6 Tips for Making Lunchtime WFH Walks Easier

With so many professionals working from home these days it’s more important than ever that you keep moving to improve your health and your waistline. Many people who were used to going into an office, some by walking or biking, are now walking straight from their bedroom to their home office just a few steps away cutting out many valuable steps they were once getting which is leading to weight gain.


Sitting all day is bad for your health


Remote workers have been scouring the internet looking for work from home tips to help them achieve a whole new level of work-life balance. It’s easy to get slammed with work and sit at your computer all day. Sitting down for too long is detrimental to your health and increases your risk of chronic health problems, such as heart disease, diabetes, and some cancers, as well as having major negative effects on your mental health. Our bodies are built to stand upright because our bowels, heart, and cardiovascular system work more effectively in that position.


When you are physically active, on the other hand, your overall energy levels and endurance improve, and your bones maintain strength. As many of you know, obesity is on the rise and we need our health more than ever. Did you know that “Nearly 40% of all adults over the age of 20 in the U.S. – about 93.3 million people – are currently obese”?

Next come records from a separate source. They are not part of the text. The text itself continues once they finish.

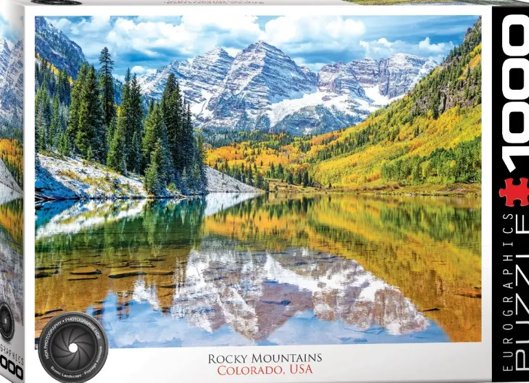 Det är en krispig och solig höstdag i nationalparken Rocky Mountains i Colorado, USA. Sjön ligger spegelblank, bergen är täckta av snö och skogen skimrar i varma hösttoner.
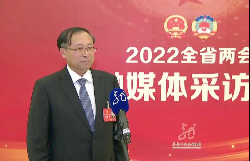 图为潘国君代表在代表委员通道接受黑龙江电视台采访(摄影:黑龙江电视台 孙鹏)
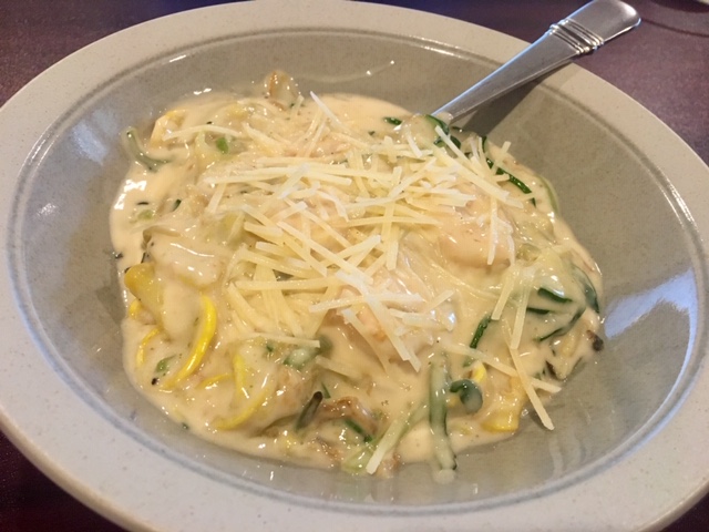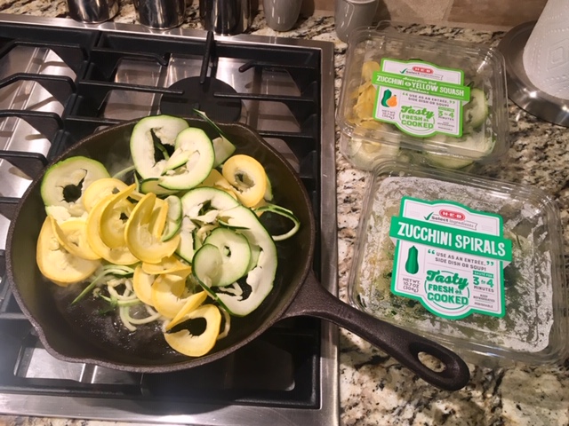 Start with some olive oil and veggies. I bought these zucchini noodles and spiraled squash already washed, cut and ready to go at my local grocery store. Sautee the veggies until tender. Salt and pepper to taste.

Negative effects of staring at screens


Another factor that affects the health of almost everyone and has for quite a while now is staring at a computer screen all day. There is research coming out often about how the light from screens may be having negative effects on our brain and our bodies - especially our vision and sleep patterns. Staring at a screen all day can cause vision problems such as digital eye strain or some call it computer vision syndrome which can cause blurred vision, headaches, sore neck, back, and shoulders, light sensitivity, sore, tired, or burning eyes. Additionally, the blue light from screens especially when used late at night before bedtime can mess up your body’s circadian rhythms, which regulate sleep and wake cycles and also inhibits the production of melatonin the hormone critical for sleep function. Between working 8-12 hour days, and also checking social media, email, and news from our phones, we are looking at screens a huge part of our day.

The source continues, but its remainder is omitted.